Entretien du lundi — Sonia mbarek
Publié dans La Presse de Tunisie le 30 - 07 - 2018

Ex-ministre de la Culture et de la Sauvegarde du patrimoine, docteur en Sciences politiques, enseignante universitaire spécialisée en droits de l'homme et droits d'auteur, consultante experte en diplomatie & politiques culturelles et gestion des festivals, artiste-interprète, Sonia Mbarek travaille actuellement sur un nouveau projet dont elle est l'initiatrice «Etats et cultures au Maghreb». Elle nous en parle.
Vous êtes lauréate du Prix Fatima El Fahria pour la promotion de l'accès de la femme à la formation et aux responsabilités professionnelles en Méditerranée pour l'édition 2018...

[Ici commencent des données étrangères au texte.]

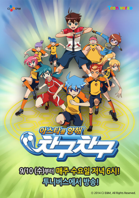 10일 오후 6시 케이블채널 투니버스에서 첫방송하는 ‘아스타를 향해! 차구차구!’는 2014년 9월 인천 아시안게임, 2015년 1월 아시안 풋볼컵(AFC) 등 연이은 국제 축구 스포츠의 해를 맞아 선보이는 국내 유일 국산 축구 애니메이션이다.

Effectivement ! Je poursuis mon parcours d'universitaire et d'artiste d'ailleurs... Pour le mois d'août, je me prépare pour une série de conférences et Master class à Boston et à un concert unique à New York au Merkin concert hall. Sonia Mbarek c'est aussi l'enseignante universitaire et la «chercheur». D'ailleurs depuis des années j'ai été dans la recherche et l'enseignement à l'Institut supérieur de musicologie. J'enseigne les droits d'auteur qui est l'une de mes spécialités.
Vous êtes également chercheur associé à la Faculté de droit et de sciences politiques de Tunis et vous êtes en train de travailler sur un grand projet «Etats et cultures au Maghreb».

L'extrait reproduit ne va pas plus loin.